Я очень рад, что на своем профессиональном и жизненном пути я встретил Михаила Юрьевича Резниковича. Это человек, который по объему профессиональных и человеческих знаний на голову меня выше. Поэтому работать с ним чрезвычайно интересно. Пока, к сожалению, мне пришлось работать с этим режиссером только в двух спектаклях — «Осенние скрипки» и «Дон Кихот. 1938 год». Но и по ним могу сказать, что наиболее ценен и значим репетиционный процесс. Это целый кусок жизни — продуктивный, насыщенный, несмотря на то, что физически сложный. Резникович — чрезвычайно требовательный режиссер: он признает только стопроцентное существование артиста на сцене — 99% его не устраивают. Если ты это прошел, то многие вещи тебе кажутся более понятными, близкими, зримыми, что ли. Короче говоря, любая работа с Михаилом Юрьевичем — это всерьез и надолго.
— Приходилось ли вам когда-либо отказываться от роли?
— Никогда. Это мой принцип, если хотите. Могу отказаться от съемок в рекламном ролике или даже в кино, только не от работы в театре.
— Как вы думаете, каков ваш зритель, и какой театр ему сегодня необходим?

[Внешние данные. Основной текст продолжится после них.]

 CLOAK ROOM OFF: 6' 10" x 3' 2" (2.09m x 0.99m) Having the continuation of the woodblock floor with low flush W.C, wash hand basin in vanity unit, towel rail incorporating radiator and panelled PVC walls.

— Я не могу определенно сказать, каков он — мой зритель. Но мне очень хотелось бы верить, что он — умный, и душа у него не мелкая. Не смотря на то, что люди в последнее время немного расточили себя, суть человеческая мало изменилась. Она остается такой же — и в V веке, и в XXI. Театр зрителю нужен, прежде всего, добрый, неагрессивный. Он должен обязательно нести веру, надежду, но ни в коем случае не унижать человека, не пугать его и не тянуть на дно. Возможно, ставить какие-то проблемные вопросы.

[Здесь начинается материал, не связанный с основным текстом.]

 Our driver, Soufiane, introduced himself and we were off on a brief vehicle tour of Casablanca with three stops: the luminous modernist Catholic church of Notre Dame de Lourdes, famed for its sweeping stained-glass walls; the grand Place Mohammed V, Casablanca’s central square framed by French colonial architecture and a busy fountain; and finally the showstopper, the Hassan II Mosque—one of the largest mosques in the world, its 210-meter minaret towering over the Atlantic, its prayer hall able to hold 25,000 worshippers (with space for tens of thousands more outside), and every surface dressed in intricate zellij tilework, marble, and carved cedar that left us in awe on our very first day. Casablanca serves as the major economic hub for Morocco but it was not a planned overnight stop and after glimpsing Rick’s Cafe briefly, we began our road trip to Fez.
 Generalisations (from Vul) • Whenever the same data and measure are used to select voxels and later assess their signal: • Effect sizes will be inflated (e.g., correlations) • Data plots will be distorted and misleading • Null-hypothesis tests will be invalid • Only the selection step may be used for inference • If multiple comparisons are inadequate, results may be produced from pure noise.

— Как бы вы охарактеризовали состояние современного украинского театра?
— Возможно, кто-то со мной поспорит, но, на мой взгляд, украинская театральная культура, к сожалению, не претендует на какую-то уникальноcть. Скорее всего, причиной тому — украинская ментальность. Даже театральный Киев держался и держится на отдельных личностях. Нет постоянной истории на высоком уровне. Есть определенная группа людей. И если она исчезнет, все тоже исчезнет. Подобную ситуацию, очевидно, сформировали разные факторы. Хотя бы то, что при развале огромного государства самые талантливые личности уехали в Москву. И сегодня, если из Москвы убрать знаковые театры или фигуры, театральный процесс не рухнет. В Украине, к сожалению, нет той волны, которая бы выталкивала на поверхность новых лидеров.
— Верите ли вы в социальную миссию театра?

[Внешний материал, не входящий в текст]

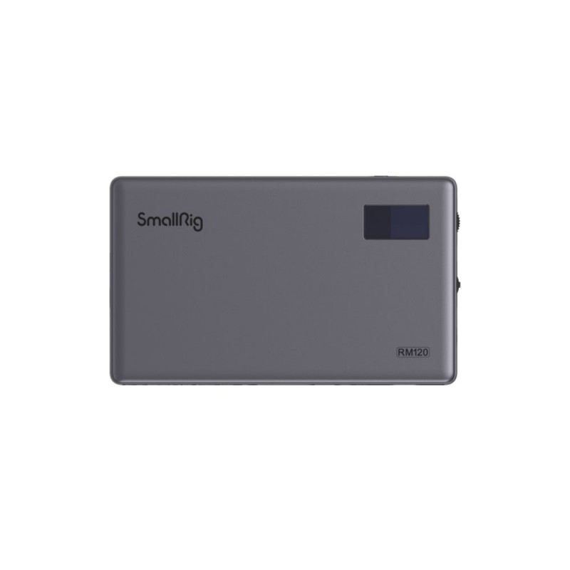 SmallRig 3808 RGB Videolight RM120 Long-Battery-LifeSuper Long Battery Life - lasts 180 minutes at max brightness.Built-in high-capacity battery cell: up to 5000mAhCharged and discharged at the same time at max brightness (automatic overheat protection)All-in-OneDesign and PortabilityThe combination of metal frame and minimalist design Ultrathin, good to touch and grip, sleek appearanceAll-metal integrated bodyhas high strength, great heat dissipation, and durabilityPowerful and portable, SmallRig RM120 Long-Battery-Life RGB Video Light making it a hassle-free way of long-time shooting in various scenes.It features0% ~ 100% brightness98+ CRI98+ TLCI2500K ~ 8500K color temperature360° Hue adjustment100-level saturation adjustment and 12 lighting effects.You can simply and accurately adjust parameters shown on the integrated OLED display screen via thumbwheels, knobs, and buttons.This Video light comes with a built-in 5000mAh lithium battery, charged by the included USB-C charging cable, one anti-twist 1/4"-20 threaded holes on one side and at the bottom to attach camera and cage, as well as a diffuser for scattering the soft light outputCompatibility:1/4''-20 threaded hole on one side and at the bottom for attaching other devices with 1/4''-20 screwPackage Includes:1 × RM120 Long-Battery-Life RGB Video Light1 × Dual Cold Shoe Mount1 × Diffuser1 × USB-C Charging Cable1 × User Manual

— Не думаю, что театр должен быть трибуной, как когда-то было принято считать. Театр — дело семейственное: это разговор по душам, интимное обращение к человеку. А загонять людей в толпу?.. У нас уже был подобный опыт и ни к чему позитивному он не привел. Театр, скорее, близок к какому-то церковному таинству. Ведь, как и в церковь, человек идет в театр, если у него есть в этом потребность. А «социалка» никакого таинства не предполагает.
— Вы — актер психологического театра. Но сегодня режиссеры и актеры пытаются искать, экспериментировать также в других системах и эстетических направлениях. Хотелось бы принять участие в подобных экспериментах?
— Я всегда приветствую всяческие эксперименты. Чудаковатые или несуразные — это всегда свежая кровь, даже если они вызывают у тебя отторжение. Когда смотришь такие эксперименты, они остаются у тебя в подкорке, и что-то ты используешь, но уже переделывая под свою систему координат — психологическую. Самому поучаствовать? Откровенно говоря, даже как-то страшновато. Хотя, если там есть мощная человеческая посылка, какая-то философия, то почему бы и нет.
— Какие профессиональные навыки вам дает работа по озвучиванию кинофильмов?
— Во-первых, это хороший тренаж по технике речи. Бывают ведь разные персонажи. Одно дело озвучивать Шварценеггера, где не так-то уж и много текста, и совсем другое — Аль Пачино, за которым текстово даже трудно угнаться. Но самое интересное, конечно, — это игра. У актеров есть понятие — речевая характеристика персонажа. Вот с ней и работаешь. Нужно «поймать» голосом пластику, возраст, психотип, социальное положение, национальность — все, что угодно — и при этом не самовыражаться, чтобы это было органично и не мешало восприятию фильма. Если фильм хороший, то эмоций получаешь не меньше, чем на спектакле.